Cara al descrito, el escenario hispano se halla casi en los antípodas. Desde Carlos IV (1788-1808) hasta Alfonso XIII (1902-31), con la salvedad de Fernando VII (1808-33) y Alfonso XII (1874-85) y su esposa la Reina Regente Mª Cristina (1885-1902), todos los titulares de la Corona de San Fernando fallecieron en el exilio. Mª Luisa de Parma y su esposo Carlos IV, en Roma, en 1819. El tránsito de su desdichada nieta Isabel II (1843-68) se registró en París en 1904. Y, finalmente, cerca de medio siglo más tarde, acaeció en Roma en l941 el óbito de Alfonso XIII.

De su nieto Juan Carlos I (1975-2014) no cabe, por fortuna, hacer presagios o entretenerse en cávilas acerca del ocaso o postrimerías de su asendereada existencia; empero, dada su edad y las coordenadas que encuadran el caminar de nuestra patria no provocaría demasiada extrañeza que su desaparición aconteciera en el exilio, destino desgarrador para alguien que nació en él (Ciudad Eterna, 1938) y pasó su infancia en él. De ocurrir así, constituiría una inmensa desgracia, en el doble plano individual y colectivo. Entre las más hondas lecciones dolorosas proporcionadas por la guerra civil de 1936 fue en extremo terebrante la herida del exilio. Páginas cristalinas y de insuperable hondura de la literatura española y aun de la universal del siglo XX se escribieron en torno a tan pesaroso tema. En el terreno político, ningún testimonio tan estremecedor como el de un gobernante de envidiable cualidades y acrisolados servicios a su entrañado país: Indalecio Prieto (1883-1962), egregio socialista «a fuer de liberal», como, orgullosamente, solía decir. Poco antes de su fallecimiento, daría a la estampa un texto inolvidable sobre su inconsolable nostalgia telúrica y su absoluta identificación con el ser de su adorada patria.

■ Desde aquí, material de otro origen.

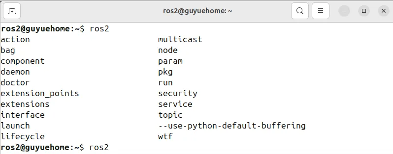 与ROS 1相比,ROS 2对命令行做了大幅集成,所有命令都集成在一个ROS 2的主命令中,例如,“ros2 run”表示启动某个节点,“ros2 topic”表示话题相关的功能。

Sin todavía condena penal alguna, implicaría un verdadero atentado de lesa humanidad y conciencia histórica condenar al exilio permanente al actor quizás más descollante y, desde luego, decisivo de la abrillantada y encomiable Transición. Con sombras y manquedades en su comportamiento personal, la figura de Don Juan Carlos ocupa ya un lugar peraltado de nuestro ayer más próximo. De permanecer en el exilio hasta el fin de sus días, se oscurecería tan elevado sitial, dañándose irreparablemente el nombre y el prestigio de una de las grandes naciones de la Historia.

José Manuel Cuenca Toribio es miembro de la Real Academia de Doctores de España.